* Raw data *
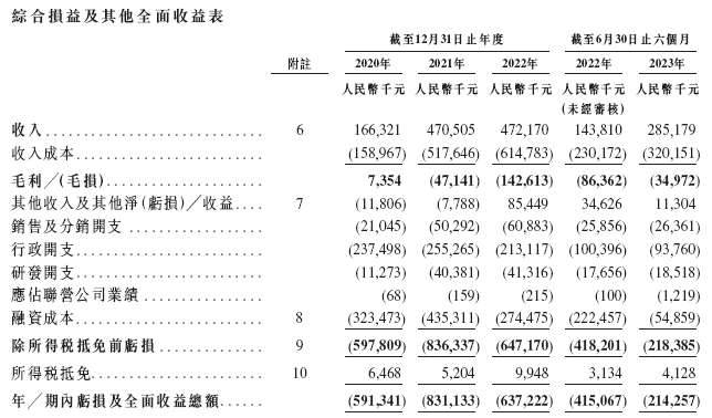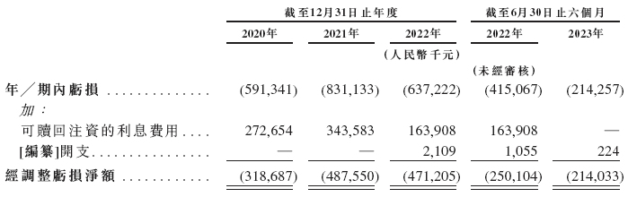 财务数据显示,在过去的2020年、2021年、2022年和2023年上半年,美中嘉和的营业收入分别为1.66亿、4.71亿、4.72亿和2.85亿元人民币,相应的净亏损分别为 5.91亿、8.31亿、6.37亿和2.14亿元人民币;相应的经调整净亏损分别为3.19亿、4.88亿、4.71亿和2.14亿元人民币。
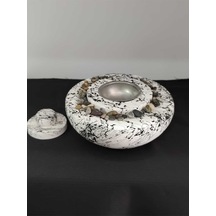 Dekoratif Masa Üstü Yuvarlak Ateş Çukuru Taş Şömine-500 Ml Yakıt Hediyeli - Siyah Mermer
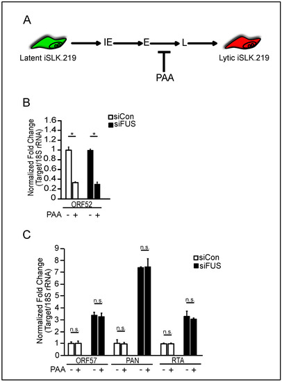We next sought to determine at which stage of lytic reactivation FUS affects KSHV gene expression. Herpesvirus gene expression occurs in a transcriptional cascade, wherein immediate-early genes are first transcribed, followed by early gene expression and viral DNA replication, and then late gene expression (Figure 5A). To determine where in the transcriptional cascade FUS affects viral gene expression, FUS- and control-siRNA treated iSLK.219 cells were treated with the viral DNA polymerase inhibitor phosphonoacetic acid (PAA), and viral early and late gene expression was quantified following reactivation. PAA treatment resulted in a significant decrease in the expression of the KSHV late gene ORF52, consistent with the dependency of late gene expression on viral replication (Figure 5A,B). Viral gene expression was significantly increased in FUS-siRNA treated cells compared to control-siRNA treated cells, and PAA treatment did not reduce the effect of FUS-siRNA (Figure 5C). These results indicate FUS restricts KSHV reactivation early during reactivation, prior to viral DNA replication and independent of late gene expression.

* Required action *
The answer is the listing above repeated verbatim, minus its images.

* Exercise answer *
 财务数据显示,在过去的2020年、2021年、2022年和2023年上半年,美中嘉和的营业收入分别为1.66亿、4.71亿、4.72亿和2.85亿元人民币,相应的净亏损分别为 5.91亿、8.31亿、6.37亿和2.14亿元人民币;相应的经调整净亏损分别为3.19亿、4.88亿、4.71亿和2.14亿元人民币。
 Dekoratif Masa Üstü Yuvarlak Ateş Çukuru Taş Şömine-500 Ml Yakıt Hediyeli - Siyah Mermer
We next sought to determine at which stage of lytic reactivation FUS affects KSHV gene expression. Herpesvirus gene expression occurs in a transcriptional cascade, wherein immediate-early genes are first transcribed, followed by early gene expression and viral DNA replication, and then late gene expression (Figure 5A). To determine where in the transcriptional cascade FUS affects viral gene expression, FUS- and control-siRNA treated iSLK.219 cells were treated with the viral DNA polymerase inhibitor phosphonoacetic acid (PAA), and viral early and late gene expression was quantified following reactivation. PAA treatment resulted in a significant decrease in the expression of the KSHV late gene ORF52, consistent with the dependency of late gene expression on viral replication (Figure 5A,B). Viral gene expression was significantly increased in FUS-siRNA treated cells compared to control-siRNA treated cells, and PAA treatment did not reduce the effect of FUS-siRNA (Figure 5C). These results indicate FUS restricts KSHV reactivation early during reactivation, prior to viral DNA replication and independent of late gene expression.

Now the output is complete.